Assigned task -
The records below must be repeated exactly, but without their pictures.

── Dataset content

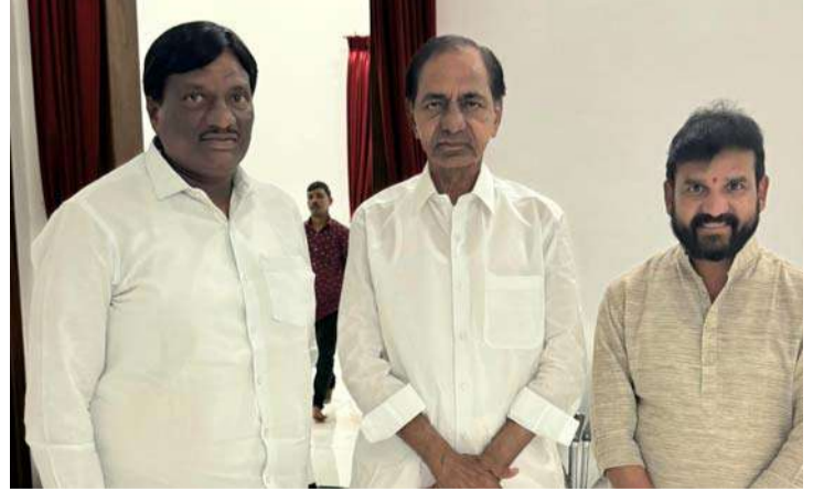
అక్షర విజేత, వికారాబాద్ ప్రతినిధి
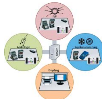
OCTAX Ferti Proof-Konzept MTG Medical Technology Vertriebs-GmbH
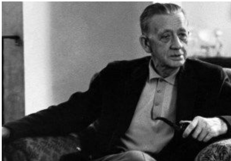
Ferdinand Peroutka

Český spisovatel, dramatik a publicista 6. únor 1985 (Praha) – 20. duben 1978 (New York)
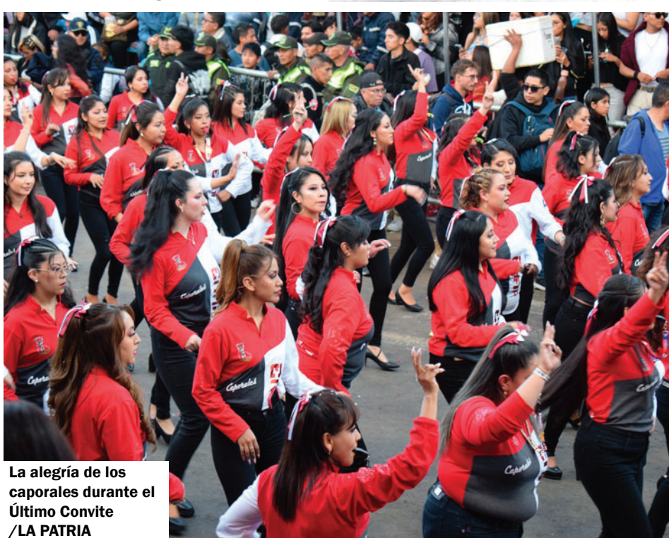
La alegría de los caporales durante el Último Convite
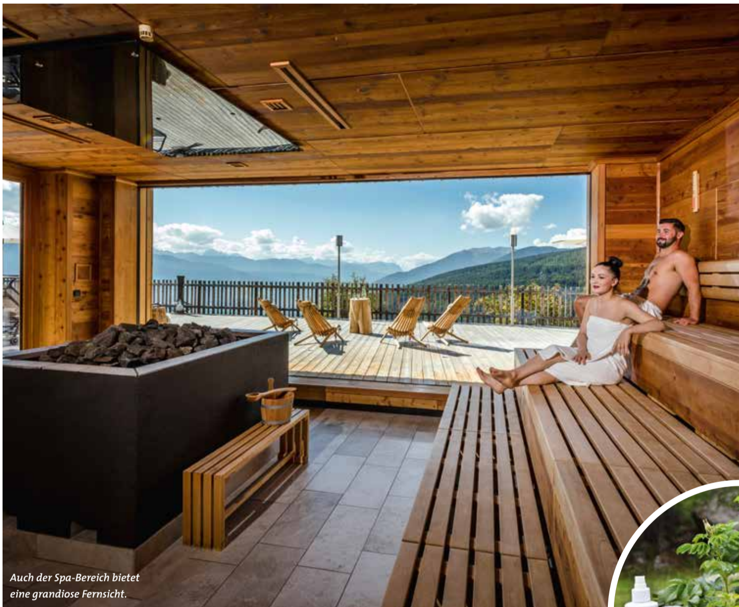
Auch der Spa-Bereich bietet eine grandiose Fernsicht.
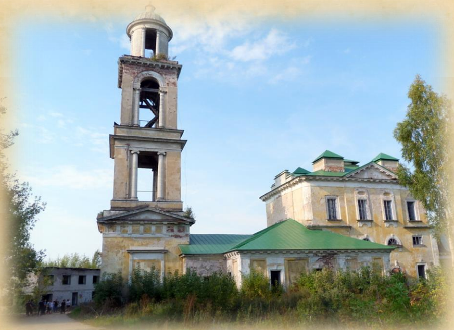
Никольская (Преображенская) церковь, г. Старица, ул. Набережная р. Волга St. Nicholas Church, Embankment of riv. Volga St.

Никольско-Преображенская церковь или Николая Чудотворца построена в 1784 - 1814 годах на месте существовавших ранее деревянной Никольской и каменной Казанской церквей. Колокольня сооружена в 1843 году. Здание сохранилось сравнительно неплохо, хотя и оно не избежало разрушений: после войны храм лишился куполов. На сегодняшний день храм восстанавливается.

────

Your response -
అక్షర విజేత, వికారాబాద్ ప్రతినిధి
OCTAX Ferti Proof-Konzept MTG Medical Technology Vertriebs-GmbH
Ferdinand Peroutka

Český spisovatel, dramatik a publicista 6. únor 1985 (Praha) – 20. duben 1978 (New York)
La alegría de los caporales durante el Último Convite
Auch der Spa-Bereich bietet eine grandiose Fernsicht.
Никольская (Преображенская) церковь, г. Старица, ул. Набережная р. Волга St. Nicholas Church, Embankment of riv. Volga St.

Никольско-Преображенская церковь или Николая Чудотворца построена в 1784 - 1814 годах на месте существовавших ранее деревянной Никольской и каменной Казанской церквей. Колокольня сооружена в 1843 году. Здание сохранилось сравнительно неплохо, хотя и оно не избежало разрушений: после войны храм лишился куполов. На сегодняшний день храм восстанавливается.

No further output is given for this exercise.